COPPOLA: A pill. I ask for espresso and you give me NASA food. What is it?
PA: Do you care?
COPPOLA: (beat) No. (pops the pill) What’s the worst that could happen?

INT.PHILLIPINES-DAY
Frederic Forrest is storming around Keitel’s trailer running his hands thru his hair.

FORREST: HOW LONG ARE WE GOING TO BE HERE?!
KEITEL: A year and a half at least seems to be what the powers are indicating. Divination is not an exact science. It’s not actually a science at all, technically.
BOTTOMS: Oh man, will the drug supply last that long?
KEITEL: Believe me when I tell you Sam that the drug supply will last long after everything else has run out, including sanity.
HOPPER: Oh man, can I righteously wait that long before dynamiting myself?
KEITEL: Not that sanity was in much supply to begin with… Gentlemen, it’s been… peculiar, but, if you’ll excuse me, I have to contrive to get fired as soon as I can.

INT.PHILLIPINES-DAY
Keitel knocks on the door of Coppola’s trailer. He thinks he is interrupting but it turns out that Coppola is merely bellowing orders at a tree thru the window for no reason.

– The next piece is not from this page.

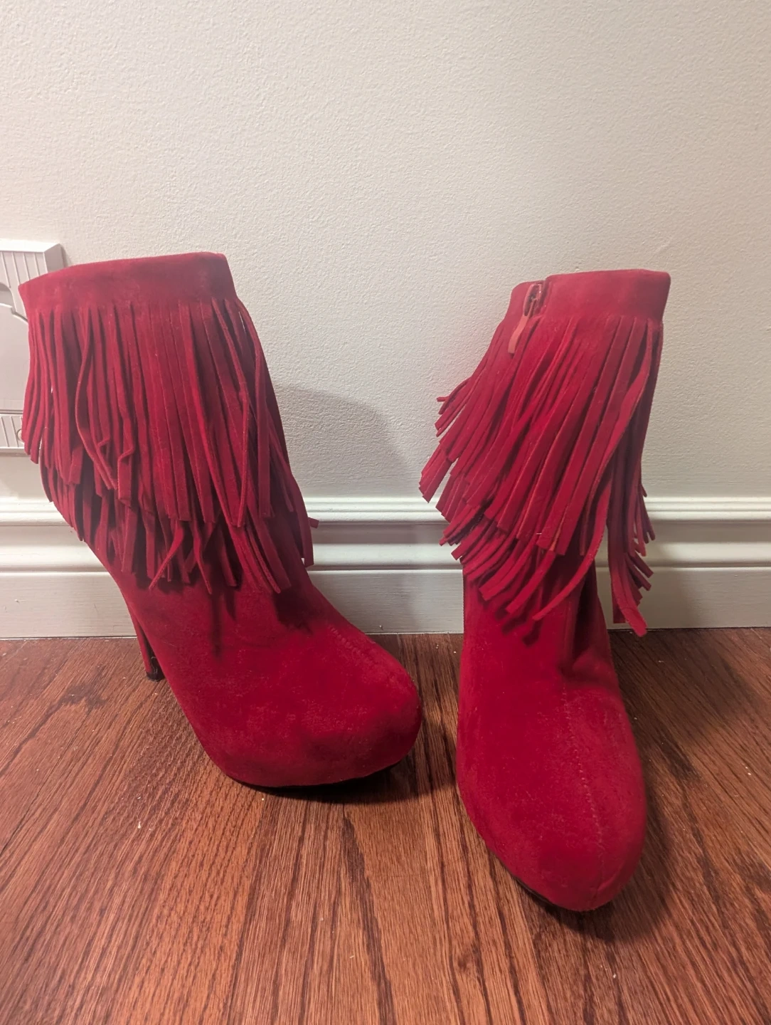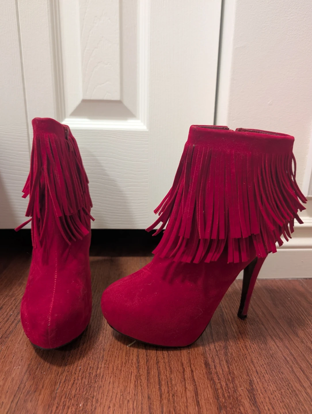 Delicacy Women's Red Fringed Ankle Boots Size 8.5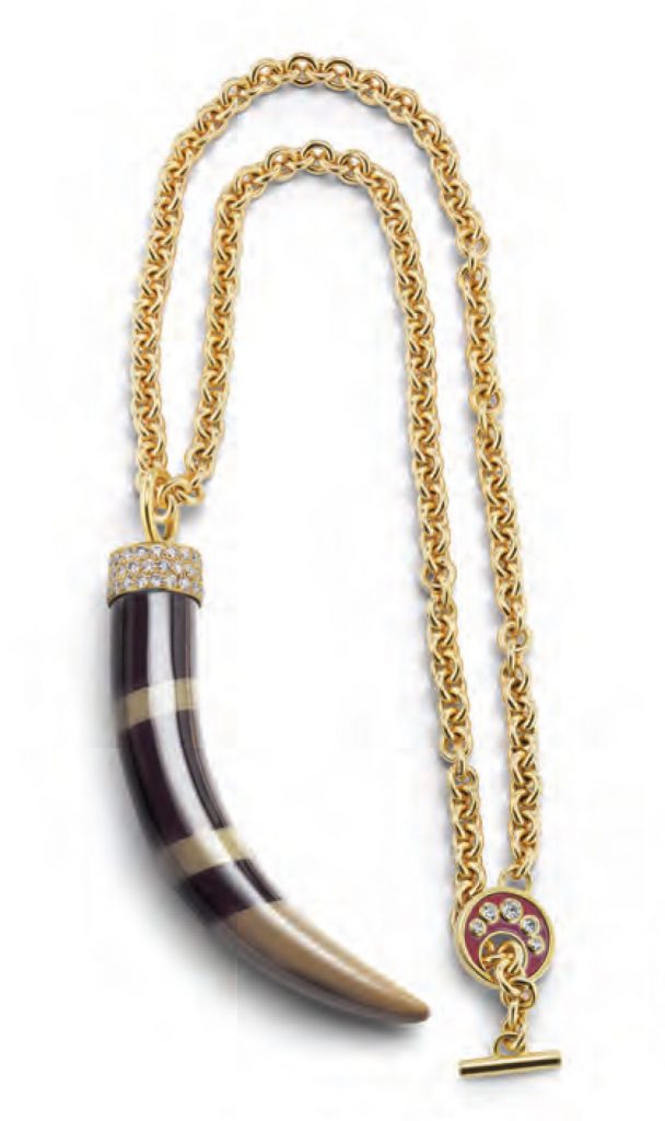 The capsule series of jewels for Canadamark features the Japanese maple leaf motif found on an obi — the sash worn with traditional kimonos — from the Meiji period. The motif is beautifully expressed with sculpted Japanese maple wood (light) and ebony (dark) to create contrast between the tones. The earrings, cuff, ring and necklace are set in 18-karat gold and sprinkled with Canadamark diamonds. “Increasingly, buyers want to know the source of things they buy and specifically in our industry, people want to know that diamonds have been sourced in an ethical way,”said the designer, noted for her marquetry jewels and clutches. “Canadamark demonstrates responsible mining can be done and I am proud to present a capsule collection with a company that abides to such rigorous standards,” added Silvia, who is represented by Muse.

KEITEL: Francis! Glad I caught you. I had some ideas I’d like to run past you.
COPPOLA: Come on in man, come on in! That’s what doors are for!!
KEITEL: (sits nervously) I want to do at least one scene thru interpretive dance.
COPPOLA: Groovy. I love interpretive dance. (He gets up and starts to dance)
KEITEL: I’d also like to juggle chickens during the plantation dinner scene.
COPPOLA: Sure. (He sits down and starts juggling cigarette-lighters, and drops them all quite quickly) Sure, sure, I’m sure you can pull it off with practise. You, man. You. (beat) You.
KEITEL: Yeaah. I, uh, I want to interpret Willard as a tomato filled with self-loathing at his hyphenated status who slowly learns to overcome his liminal status by embracing it. But only in alternating takes. The other takes – I’ll be a French mime.
COPPOLA: Interesting take on the character… Really ties in to the politics of it all.
KEITEL: I also have deep ethical issues with actually killing a cow with a machete.
COPPOLA: You’re fired.
KEITEL: Thank Christ. I was beginning to think I’d never push you over the edge.

Keitel pulls his cloak around him while he stands up and disappears in a puff of smoke. Coppola observes this without emotion, but eventually starts to look askance.

COPPOLA: I’m requesting an espresso machine gets flown in first thing or we’re never going to get any work done around here.